17. Which of the following is not part of the definition of proportionate liability adopted by the Private Securities Litigation Reform Act? 
A
. The total responsibility for loss is divided among all parties responsible for the loss.
B
. Defendants who knowingly committed a violation of securities laws remain jointly and severally liable.
C
. The full amount of damages may be recovered from any defendants involved in the action.
D
. A solvent defendant’s liability may be increased by 50 percent if other defendants are insolvent.

18. Which of the following factors would not influence third parties’ abilities to bring suit against auditors for ordinary negligence under common law? 
A
. The extent to which the third party relied upon the misstated financial statements and this reliance resulted in their loss.
B
. The nature of the activity by the auditors that resulted in their failure to exercise appropriate levels of professional care.
C
. The relationship between the auditors and a third party.
D
. The jurisdiction in which the action occurred.

19. When a client sues an accountant for failure to perform consulting work properly, the accountants’ best defense is probably based on the doctrine of 
A
. Lack of privity of contract.
B
. Contributory negligence on the part of the client.
C
. Lack of any measurable dollar amount of damages.
D
. No negligence on the part of the consultant.

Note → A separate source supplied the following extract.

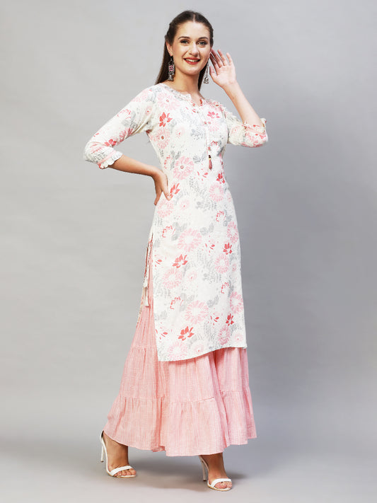 MRP (Inclusive of all taxes)Regular price ₹ 1,619.00₹ 1,619.00 Regular priceUnit price / per₹ 4,799.00Sale priceM L XL 2XL add to cartSale{"id":6782840111190,"title":"Floral Printed \u0026 Hand Embroidered Straight Fit Kurta with Sharara - Off White","handle":"floral-printed-hand-embroidered-straight-fit-kurta-with-sharara-off-white","description":"\u003cp data-mce-fragment=\"1\"\u003e\u003cspan style=\"font-weight: 400;\" data-mce-fragment=\"1\" data-mce-style=\"font-weight: 400;\"\u003e\u003c\/span\u003e\u003cspan style=\"font-weight: 400;\" data-mce-fragment=\"1\" data-mce-style=\"font-weight: 400;\"\u003eStyle: Kurta - Straight, Bottom - Sharara\u003c\/span\u003e\u003c\/p\u003e\n\u003cp data-mce-fragment=\"1\"\u003e\u003cspan style=\"font-weight: 400;\" data-mce-fragment=\"1\" data-mce-style=\"font-weight: 400;\"\u003eType: Everyday Wear\u003c\/span\u003e\u003c\/p\u003e\n\u003cp data-mce-fragment=\"1\"\u003e\u003cspan style=\"font-weight: 400;\" data-mce-fragment=\"1\" data-mce-style=\"font-weight: 400;\"\u003eNeckline: Round Neckline\u003c\/span\u003e\u003c\/p\u003e\n\u003cp data-mce-fragment=\"1\"\u003e\u003cspan style=\"font-weight: 400;\" data-mce-fragment=\"1\" data-mce-style=\"font-weight: 400;\"\u003eSleeve Pattern: Regular Sleeves\u003c\/span\u003e\u003c\/p\u003e\n\u003cp data-mce-fragment=\"1\"\u003e\u003cspan style=\"font-weight: 400;\" data-mce-fragment=\"1\" data-mce-style=\"font-weight: 400;\"\u003eSleeve Length: 3\/4th\u003c\/span\u003e\u003c\/p\u003e\n\u003cp data-mce-fragment=\"1\"\u003e\u003cspan style=\"font-weight: 400;\" data-mce-fragment=\"1\" data-mce-style=\"font-weight: 400;\"\u003eProduct Details:\u003c\/span\u003e\u003c\/p\u003e\n\u003cul data-mce-fragment=\"1\"\u003e\n\u003cli data-mce-fragment=\"1\"\u003e\u003cspan style=\"font-weight: 400;\" data-mce-fragment=\"1\" data-mce-style=\"font-weight: 400;\"\u003e Straight Fit Kurta\u003c\/span\u003e\u003c\/li\u003e\n\u003cli data-mce-fragment=\"1\"\u003e\u003cspan style=\"font-weight: 400;\" data-mce-fragment=\"1\" data-mce-style=\"font-weight: 400;\"\u003e Floral Prints all over\u003c\/span\u003e\u003c\/li\u003e\n\u003cli data-mce-fragment=\"1\"\u003e\u003cspan style=\"font-weight: 400;\" data-mce-fragment=\"1\" data-mce-style=\"font-weight: 400;\"\u003e Hand Embroidered Yoke\u003c\/span\u003e\u003c\/li\u003e\n\u003cli data-mce-fragment=\"1\"\u003e\u003cspan style=\"font-weight: 400;\" data-mce-fragment=\"1\" data-mce-style=\"font-weight: 400;\"\u003e Embellished with Beads \u0026amp; Kantha Detailing \u003c\/span\u003e\u003c\/li\u003e\n\u003cli data-mce-fragment=\"1\"\u003e\u003cspan style=\"font-weight: 400;\" data-mce-fragment=\"1\" data-mce-style=\"font-weight: 400;\"\u003e Front Placket Detailing \u003c\/span\u003e\u003c\/li\u003e\n\u003cli data-mce-fragment=\"1\"\u003e\u003cspan style=\"font-weight: 400;\" data-mce-fragment=\"1\" data-mce-style=\"font-weight: 400;\"\u003e Enhanced with Foil Mirror Embroidered Buttons\u003c\/span\u003e\u003c\/li\u003e\n\u003cli data-mce-fragment=\"1\"\u003e\u003cspan style=\"font-weight: 400;\" data-mce-fragment=\"1\" data-mce-style=\"font-weight: 400;\"\u003e Highlighted with Cutdana Work\u003c\/span\u003e\u003c\/li\u003e\n\u003cli data-mce-fragment=\"1\"\u003e\u003cspan style=\"font-weight: 400;\" data-mce-fragment=\"1\" data-mce-style=\"font-weight: 400;\"\u003e Paired with Ethnic Stripes Printed Sharara\u003c\/span\u003e\u003c\/li\u003e\n\u003cli data-mce-fragment=\"1\"\u003e\u003cspan style=\"font-weight: 400;\" data-mce-fragment=\"1\" data-mce-style=\"font-weight: 400;\"\u003e Partially Elasticated Waistline\u003c\/span\u003e\u003c\/li\u003e\n\u003cli data-mce-fragment=\"1\"\u003e\u003cspan style=\"font-weight: 400;\" data-mce-fragment=\"1\" data-mce-style=\"font-weight: 400;\"\u003e Hook \u0026amp; Side Zipper Closure\u003c\/span\u003e\u003c\/li\u003e\n\u003c\/ul\u003e\n\u003cp data-mce-fragment=\"1\"\u003e\u003cspan style=\"font-weight: 400;\" data-mce-fragment=\"1\" data-mce-style=\"font-weight: 400;\"\u003eModel’s Height: 5’7” ft. Size: Wearing Size S \u003c\/span\u003e\u003c\/p\u003e\n\u003ch1 data-mce-fragment=\"1\"\u003e\u003cspan style=\"font-weight: 400;\" data-mce-fragment=\"1\" data-mce-style=\"font-weight: 400;\"\u003eFabric Details\u003c\/span\u003e\u003c\/h1\u003e\n\u003cp data-mce-fragment=\"1\"\u003e\u003cspan style=\"font-weight: 400;\" data-mce-fragment=\"1\" data-mce-style=\"font-weight: 400;\"\u003eFabric: Kurta - Rayon, Bottom - Rayon\u003c\/span\u003e\u003c\/p\u003e\n\u003cp data-mce-fragment=\"1\"\u003e\u003cspan style=\"font-weight: 400;\" data-mce-fragment=\"1\" data-mce-style=\"font-weight: 400;\"\u003eColour: Kurta - Off White, Bottom - Pink\u003c\/span\u003e\u003c\/p\u003e\n\u003cp data-mce-fragment=\"1\"\u003e\u003cspan style=\"font-weight: 400;\" data-mce-fragment=\"1\" data-mce-style=\"font-weight: 400;\"\u003eWash Care: Hand wash in cold water\u003c\/span\u003e\u003c\/p\u003e\n\u003ch1\u003eGarment Measurements\u003c\/h1\u003e\n\u003cp\u003e\u003cstrong\u003eMeasurement (in inches) \u003c\/strong\u003e\u003c\/p\u003e\n\u003cp\u003eLength – 42, Sleeves – 15,\u003c\/p\u003e\n\u003cp\u003eBottom - 38\u003c\/p\u003e\n\u003ch1 data-mce-fragment=\"1\"\u003e\u003cspan data-mce-fragment=\"1\"\u003eProduct Information\u003c\/span\u003e\u003c\/h1\u003e\n\u003cp data-mce-fragment=\"1\"\u003e\u003cspan data-mce-fragment=\"1\"\u003e\u003cstrong\u003eManufactured\/Packed\/Marketed By:\u003c\/strong\u003e\u003cbr\u003e\u003c\/span\u003e\u003cspan data-mce-fragment=\"1\"\u003eFashor Lifestyle Pvt. Ltd.\u003cbr\u003e28\/30, Sudershanpura Industrial Area,\u003cbr\u003eJaipur - 302006.\u003cbr\u003e\u003cstrong\u003eCountry of Origin:\u003c\/strong\u003e India\u003c\/span\u003e\u003c\/p\u003e","published_at":"2025-11-17T09:51:57+05:30","created_at":"2022-07-20T12:06:13+05:30","vendor":"Fashor","type":"2P Kurta Set","tags":["1001-2000","10263","2000 - 3000","2001-3000","All Styles","bogo-zone","casualwear","colour_white","design_floral-pr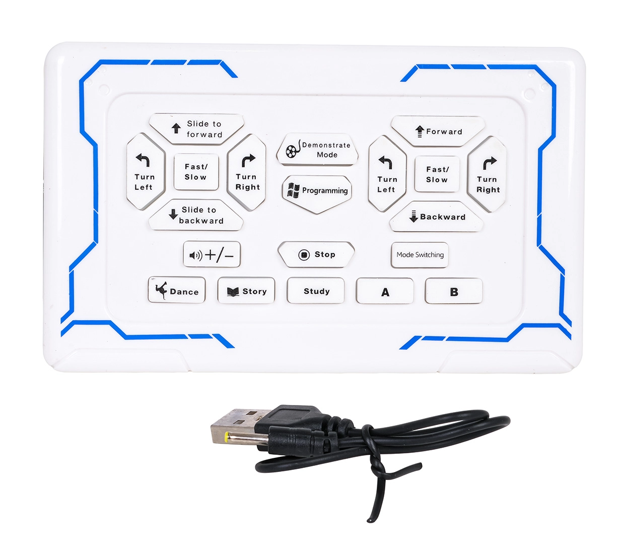 robot, daljinski upravljalnik, USB polnilni kabel, navodila

20. Under the liability provisions of section 11 of the Securities Act of 1933, auditors may be liable to any purchaser of a security for certifying materially misstated financial statements that are included in the registration statement. Under section 11, auditors usually are not liable to the purchaser 
A
. If they can show contributory negligence on the part of the purchaser.
B
. If they can demonstrate due diligence.
C
. Unless the purchaser can prove privity with the auditors.
D
. Unless the purchaser can prove scienter on the part of the auditors.